- Problem to solve:
Leave the images aside and repeat the whole listing exactly.

- Collected data:
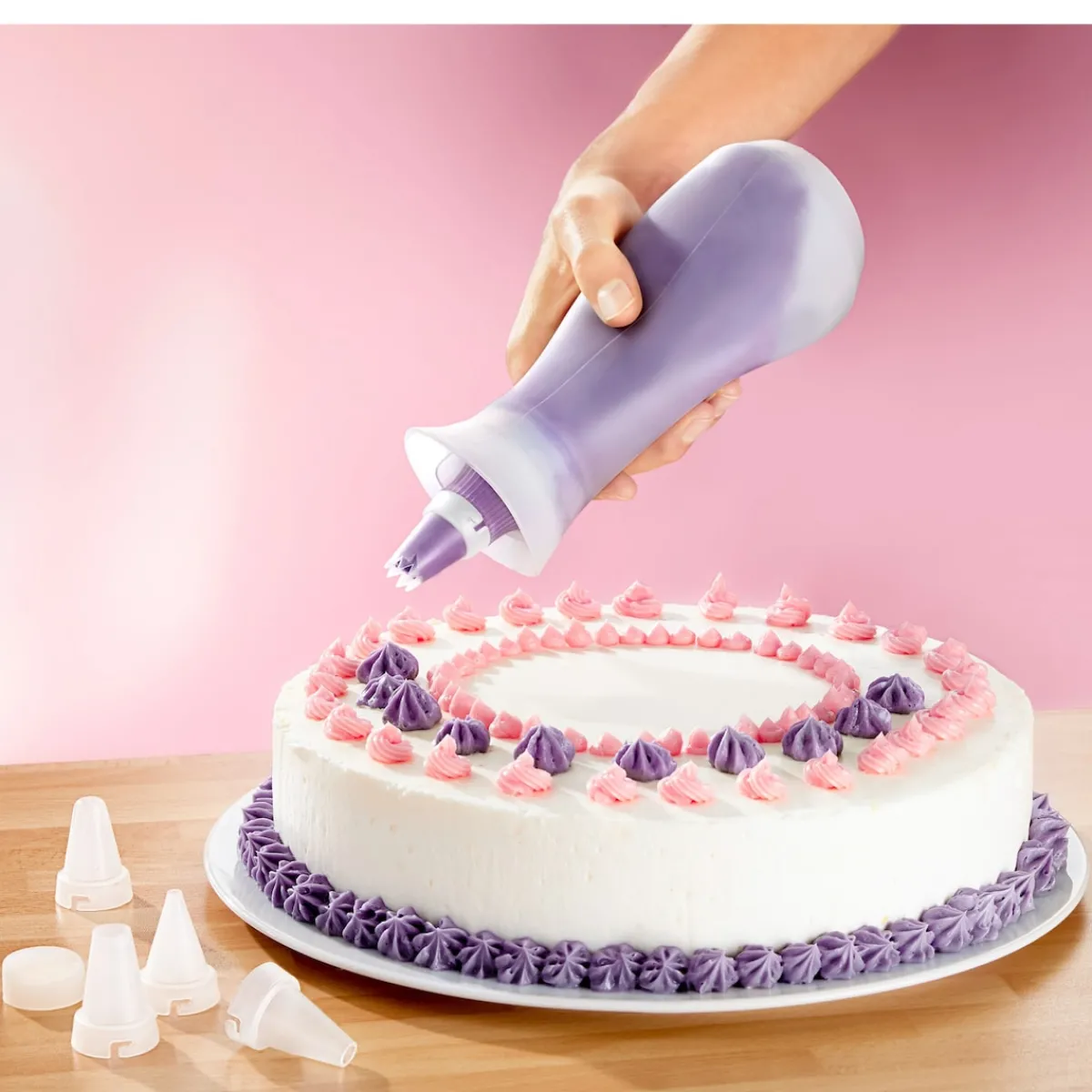 Mit der Dekorierflasche von GENIALO können Sie schnell köstliche Kunstwerke schaffen. Schokocreme, Sahne oder Mousse in die Flasche füllen, den passenden Aufsatz aufschrauben und losgeht der Dekorier-Spaß!
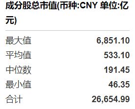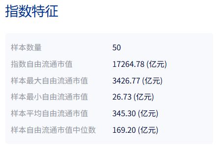 目前指数的成分股共有50只,个股的平均市值约为533亿元。
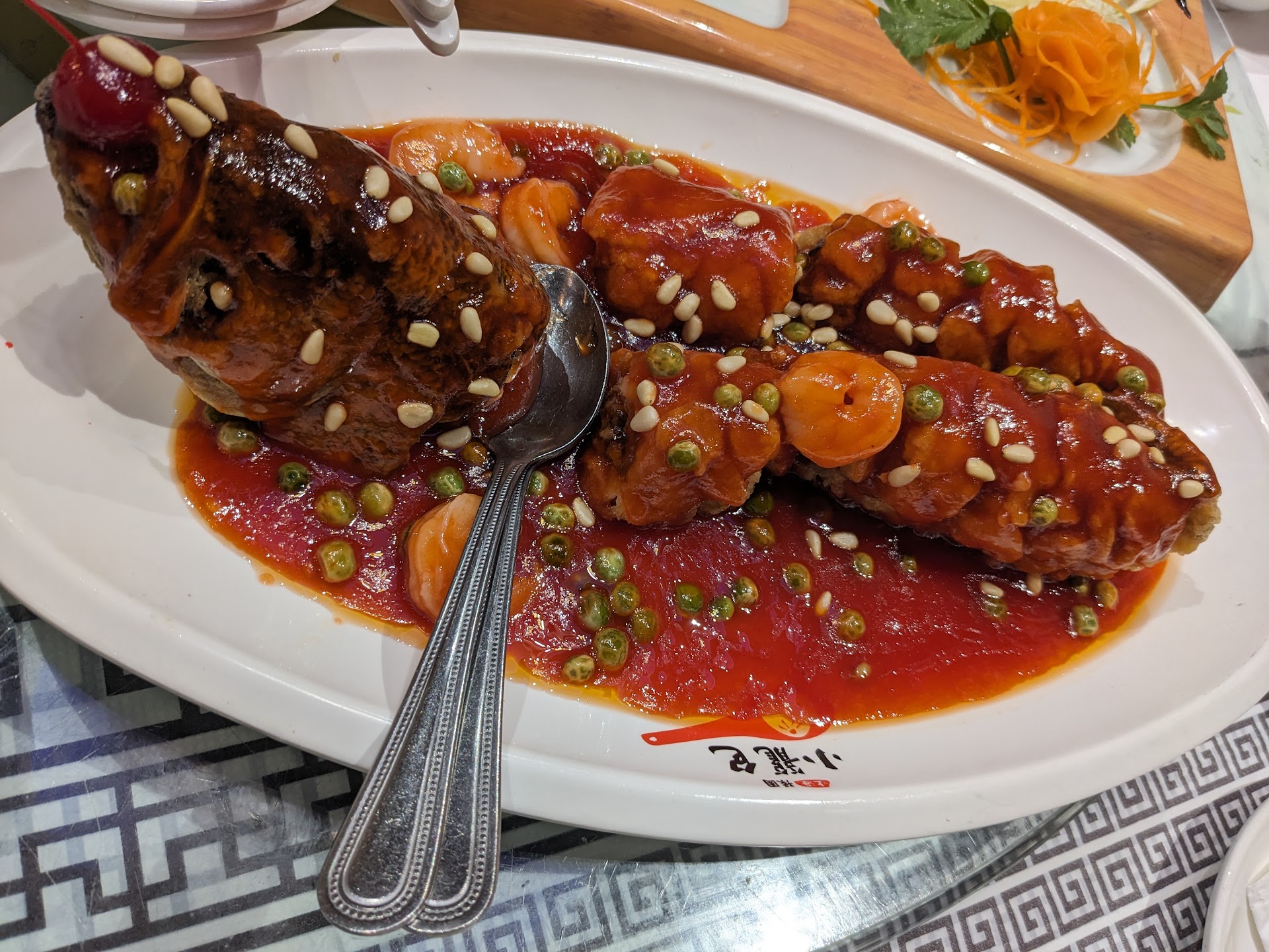 The fish was first butterflied filleted and the spine and bones discarded. The fillets themselves were then sliced into strips, while still attached to the skin. It would then appear to have been flash or deep fried (possibly in a wok in an inch of oil), causing the meat to "roll" around the skin. Turning it into an inverted fish "roll," with the crispy skin as the center, holding the crispy meat facing outwards. These two rolls were then placed behind the head, which can be seen in my photo, where it must have then received it's sweet and sour bath. Absolutely amazing.
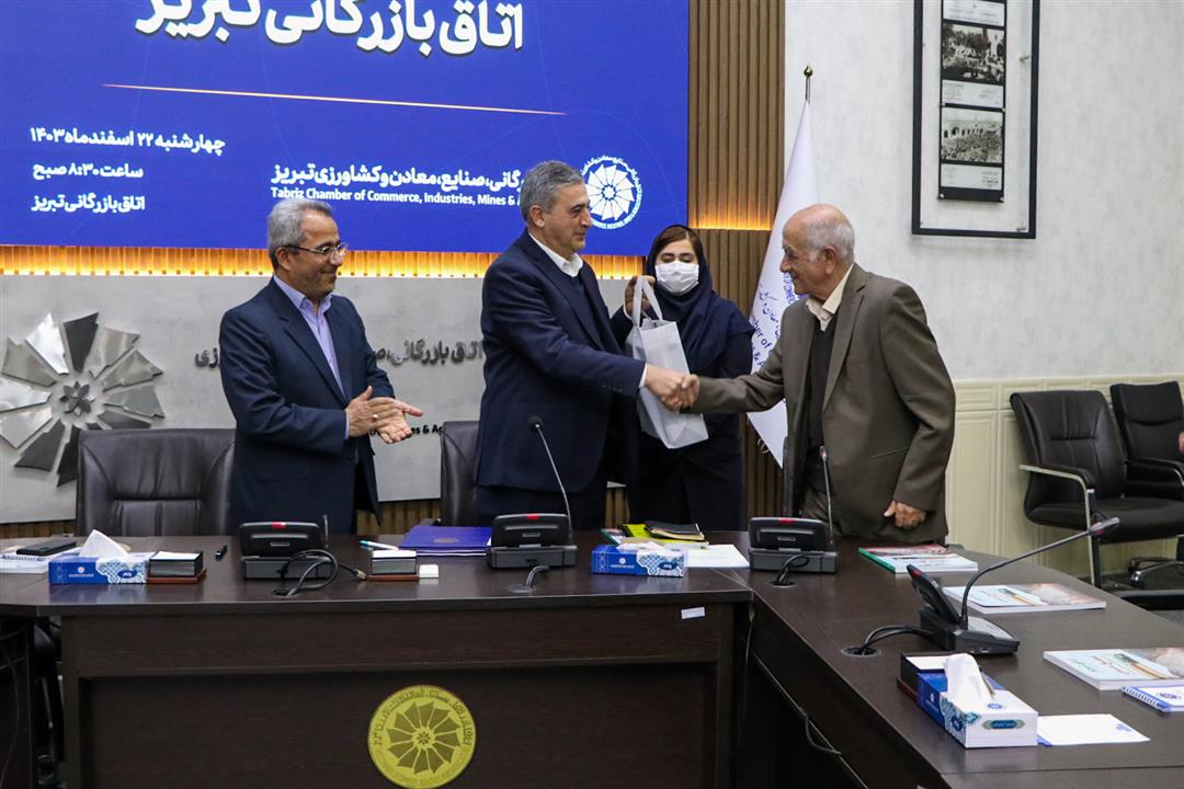 همچنین در پایان جلسه از آقای سلیمی, پدر علم صنعت متالورژی استان آذربایجان شرقی و  استاد علم و طراحی خوشه‌های صنعتی، از طرف اتاق بازرگانی تبریز قدردانی به عمل آمد.

- Response box:
 Mit der Dekorierflasche von GENIALO können Sie schnell köstliche Kunstwerke schaffen. Schokocreme, Sahne oder Mousse in die Flasche füllen, den passenden Aufsatz aufschrauben und losgeht der Dekorier-Spaß!
 目前指数的成分股共有50只,个股的平均市值约为533亿元。
 The fish was first butterflied filleted and the spine and bones discarded. The fillets themselves were then sliced into strips, while still attached to the skin. It would then appear to have been flash or deep fried (possibly in a wok in an inch of oil), causing the meat to "roll" around the skin. Turning it into an inverted fish "roll," with the crispy skin as the center, holding the crispy meat facing outwards. These two rolls were then placed behind the head, which can be seen in my photo, where it must have then received it's sweet and sour bath. Absolutely amazing.
 همچنین در پایان جلسه از آقای سلیمی, پدر علم صنعت متالورژی استان آذربایجان شرقی و  استاد علم و طراحی خوشه‌های صنعتی، از طرف اتاق بازرگانی تبریز قدردانی به عمل آمد.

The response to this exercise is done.